The Outrageously Mythical ‘Teacher Shortage’

Education Pre K-12

A nationwide shortage of teachers threatens quality education, according to the education establishment and its advocates in the media. But as with the population bomb, Y2K and the Devils of Loudon, the reality is quite different.

The shortage claim has been around for some time. The National Education Association warned in 1921 that there was “an appalling lack of trained teachers throughout the country.” At the time, we had a student-to-teacher ratio of 33 to 1; we have more than halved the ratio in less than 100 years.

The late Cato Institute scholar Andrew Coulson gave us a more up-to-date perspective in 2015, explaining that since 1970 “the number of teachers has grown six times faster than the number of students.
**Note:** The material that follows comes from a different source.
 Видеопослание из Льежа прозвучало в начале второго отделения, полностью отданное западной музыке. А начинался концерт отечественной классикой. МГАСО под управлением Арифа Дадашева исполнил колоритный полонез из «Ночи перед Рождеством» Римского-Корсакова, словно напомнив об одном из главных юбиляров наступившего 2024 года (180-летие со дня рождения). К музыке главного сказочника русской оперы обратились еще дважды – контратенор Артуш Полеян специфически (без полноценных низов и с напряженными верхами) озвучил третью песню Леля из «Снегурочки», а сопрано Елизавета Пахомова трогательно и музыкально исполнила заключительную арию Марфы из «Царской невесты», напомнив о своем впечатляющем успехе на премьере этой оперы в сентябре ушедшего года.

Enrollment grew about 8 percent from 1970 to 2010, but the teaching workforce grew 50 percent.”

“The myth that America suffers a scarcity of teachers is promulgated by the teachers unions and their supporters in the education establishment.”
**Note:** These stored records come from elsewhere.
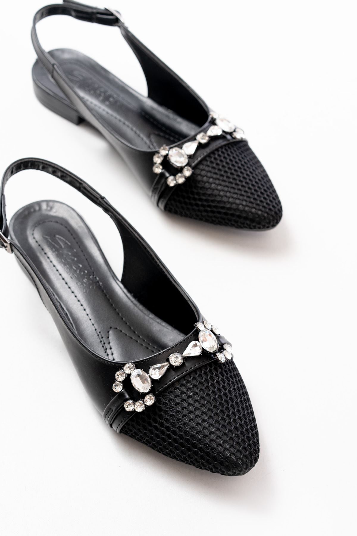 İNF-120 Siyah Günlük Fileli Taş Aksesuarlı Kadın Babet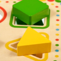 Four color-framed openings on the board match the colors of the pieces. Children easily learn colors and basic geometric shapes.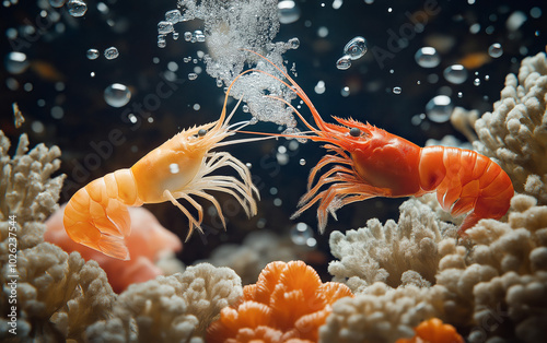 shrimp, underwater, coral reef, bubble, orange, white, battle, fighting, aquarium, aquatic, marine life, ocean, sea, nature, wildlife, animal, crustacean, invertebrate, marine animal, marine animal, colourful, vibrant, beautiful, stunning, peaceful, serene, tranquil, calm, quiet, harmonious, relaxing, underwater photography, oceanography, fish, coral, reef, tropical, water, marin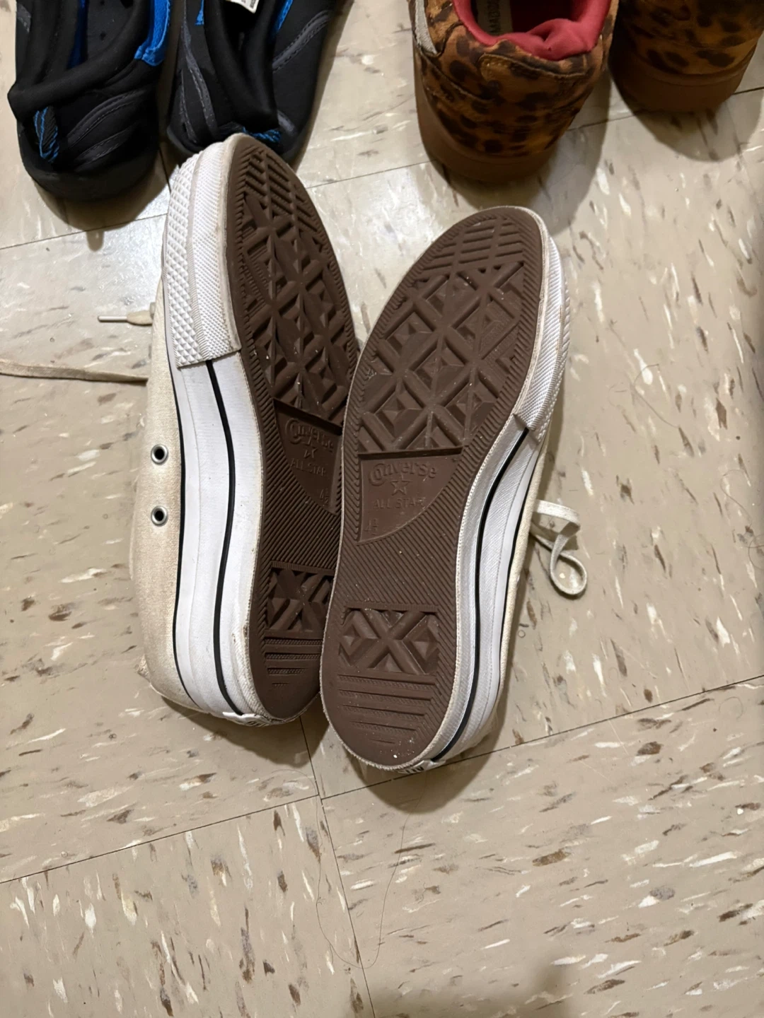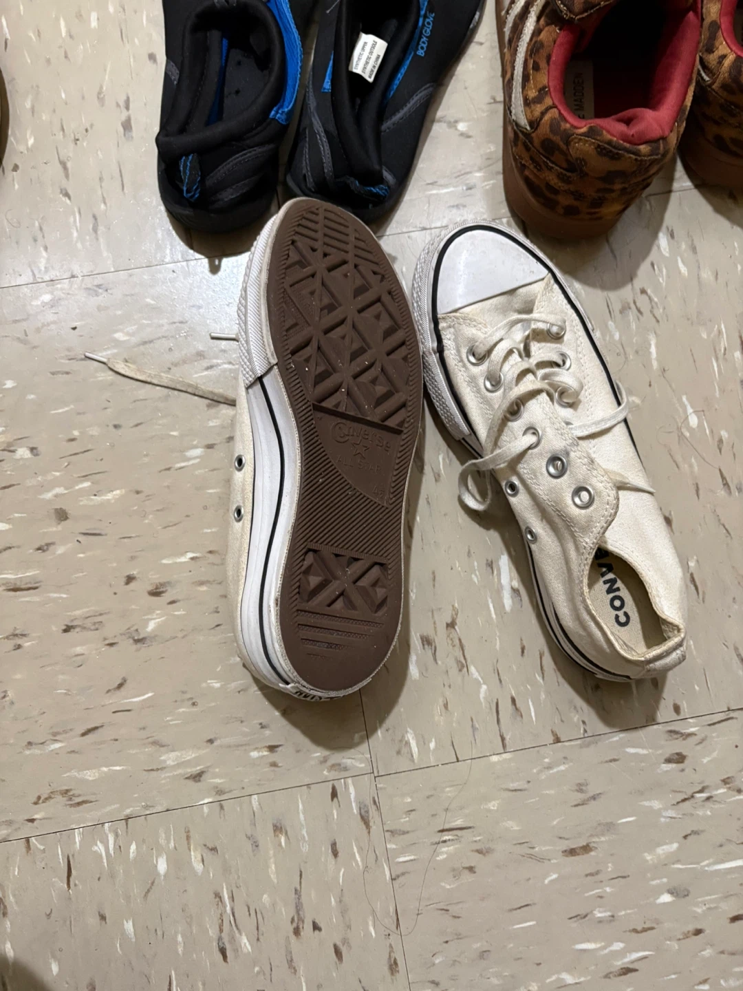 Free a pair of Converse All Star low top sneakers! They're a classic style and in a versatile off-white color. Perfect for everyday wear and in good condition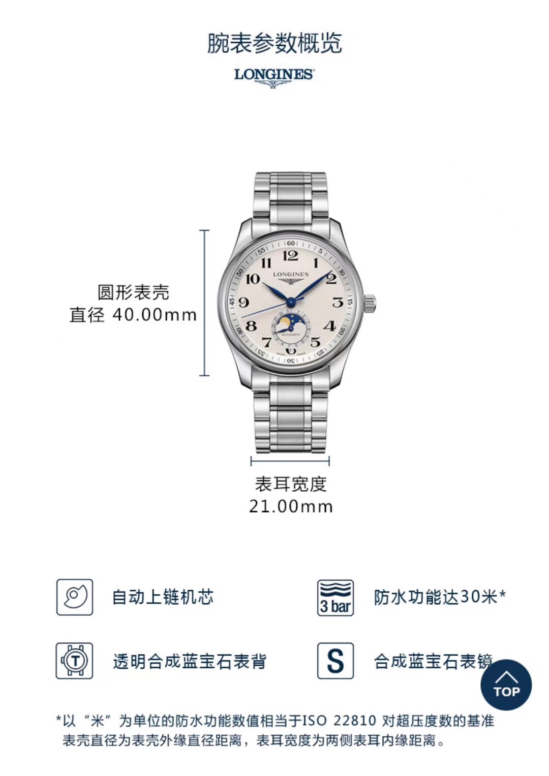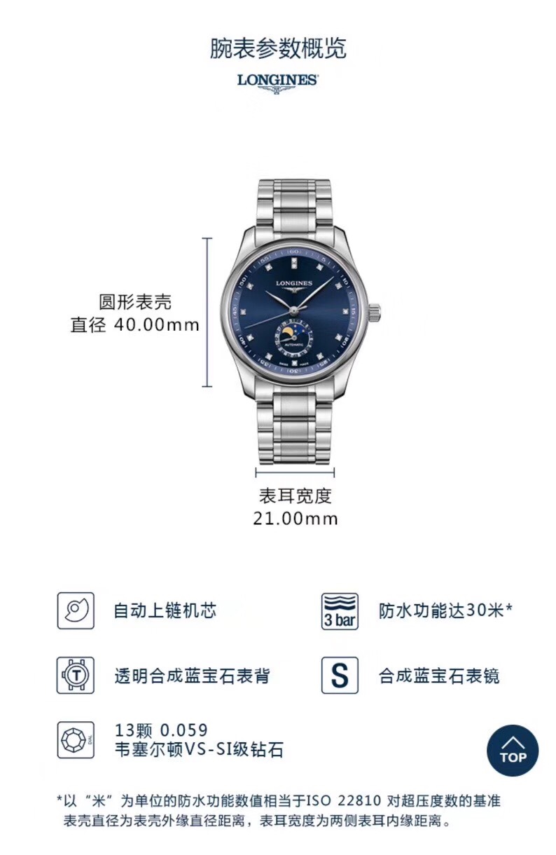 这款手表是AAAAA 1:1 质量 (非常棒). 使用了和原版一模一样的材料. 商标部分也保持了和浪琴/Longines一样. 图片拍摄是实物手表拍摄, 您所收到的实物保证和我们图片一模一样.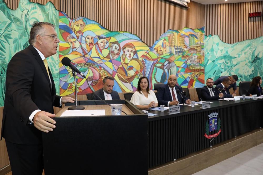 Após a abertura oficial, acompanhada por um Plenário lotado de cidadãos e autoridades de Ponta Porã e Pedro Juan Caballero, foi aberto espaço para que o Chefe do Poder Executivo Municipal fizesse a leitura da tradicional Mensagem na abertura dos trabalhos do Legislativo.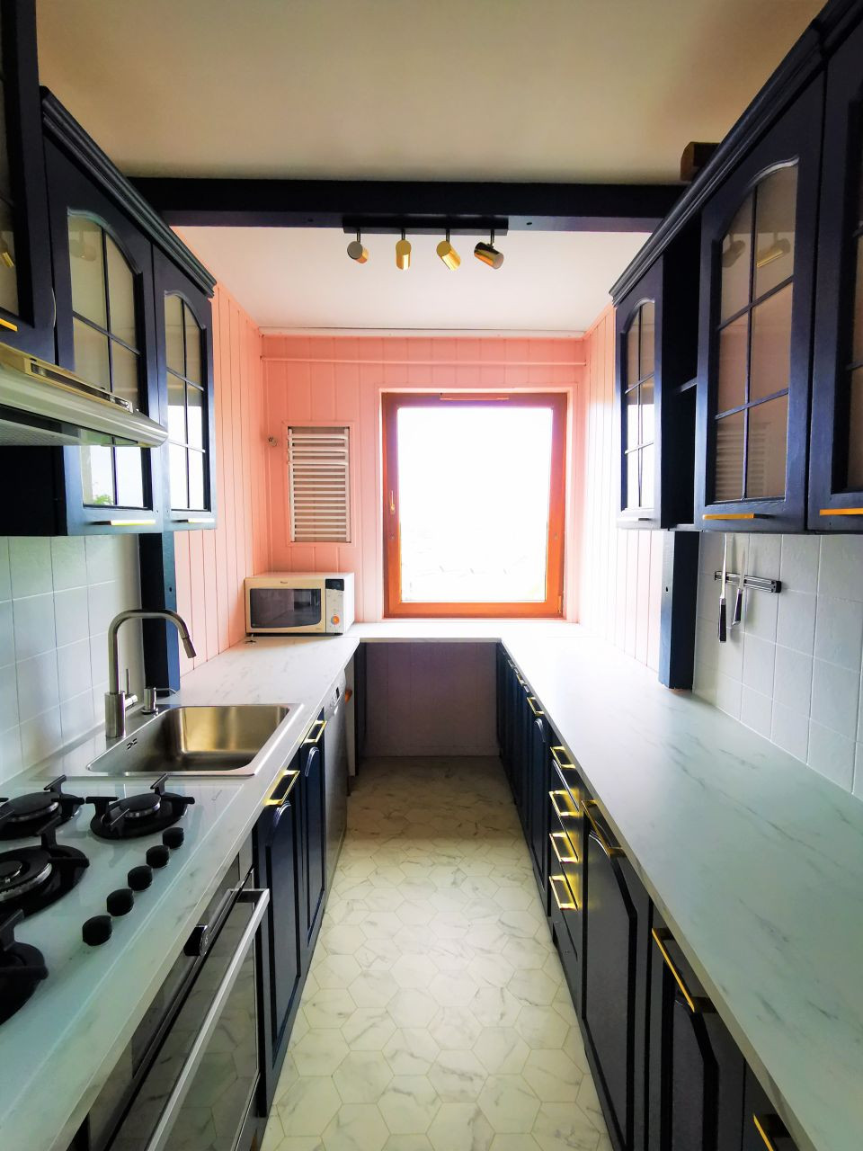 – kuchnia z meblami w zabudowie, wyposażeniem w sprzęt AGD i oknem,

According to the US Department of Education, we now have over 3.8 million public-school teachers, an increase of 13 percent in the last four years. During that same time period, student enrollment rose just 2 percent. Mike Antonucci, director of the Education Intelligence Agency, adds that, between 2008 and 2016, student enrollment was flat but the teaching force expanded from 3.4 million to more than 3.8 million, a rise of 12.4 percent.
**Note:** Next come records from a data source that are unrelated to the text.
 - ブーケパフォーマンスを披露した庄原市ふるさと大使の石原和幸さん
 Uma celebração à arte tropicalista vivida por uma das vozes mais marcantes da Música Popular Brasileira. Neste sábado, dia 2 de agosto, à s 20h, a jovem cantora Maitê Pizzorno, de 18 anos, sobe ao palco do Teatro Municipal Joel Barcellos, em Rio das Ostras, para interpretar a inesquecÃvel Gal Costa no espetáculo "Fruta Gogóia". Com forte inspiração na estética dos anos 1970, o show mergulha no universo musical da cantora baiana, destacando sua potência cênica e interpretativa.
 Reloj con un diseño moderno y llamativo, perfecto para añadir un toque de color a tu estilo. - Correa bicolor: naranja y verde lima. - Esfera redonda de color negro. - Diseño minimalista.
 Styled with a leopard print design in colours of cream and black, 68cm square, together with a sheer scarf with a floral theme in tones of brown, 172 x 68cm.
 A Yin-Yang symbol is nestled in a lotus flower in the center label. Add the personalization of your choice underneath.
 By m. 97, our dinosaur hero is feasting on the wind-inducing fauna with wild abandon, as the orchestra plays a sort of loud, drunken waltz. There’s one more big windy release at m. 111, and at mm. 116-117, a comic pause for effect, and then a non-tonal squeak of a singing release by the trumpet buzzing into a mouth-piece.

University of Pennsylvania education professor Richard Ingersoll avers that not only is there no shortage of teachers, there’s actually a glut. Ingersoll, who has long studied teacher-staffing trends, says the growth in the teaching force, which goes well beyond student growth, is financially a “ticking time bomb.” He adds that the “main budget item in any school district is teachers’ salaries. This just can’t be sustainable.”

The myth that America suffers a scarcity of teachers is promulgated by the teachers unions and their supporters in the education establishment. On the California Teachers Association Web site, we read that “California will need an additional 100,000 teachers over the next decade.”

But this means the CTA expects about a 2.8 percent yearly attrition rate. In reality, California is following the national trend in overstaffing. According to the Legislative Analyst’s Office, California had 332,640 teachers in 2010. By 2015, there were 352,000. But the student population has been virtually flat, moving from 6.22 million in 2010 to 6.23 million in 2016.

True, legitimate general shortages exist in some school districts, while other districts may lack teachers in certain areas of expertise, like science and technology. Workers in these fields can earn higher salaries in the private sector; one solution would be to pay experts in these subjects more than other teachers as a way to lure them into teaching.

Unfortunately, that’s not possible: Throughout much of the country, and certainly in California, salaries are rigorously defined by a teacher union-orchestrated step-and-column pay regimen, which allows no room for flexibility in teacher salaries.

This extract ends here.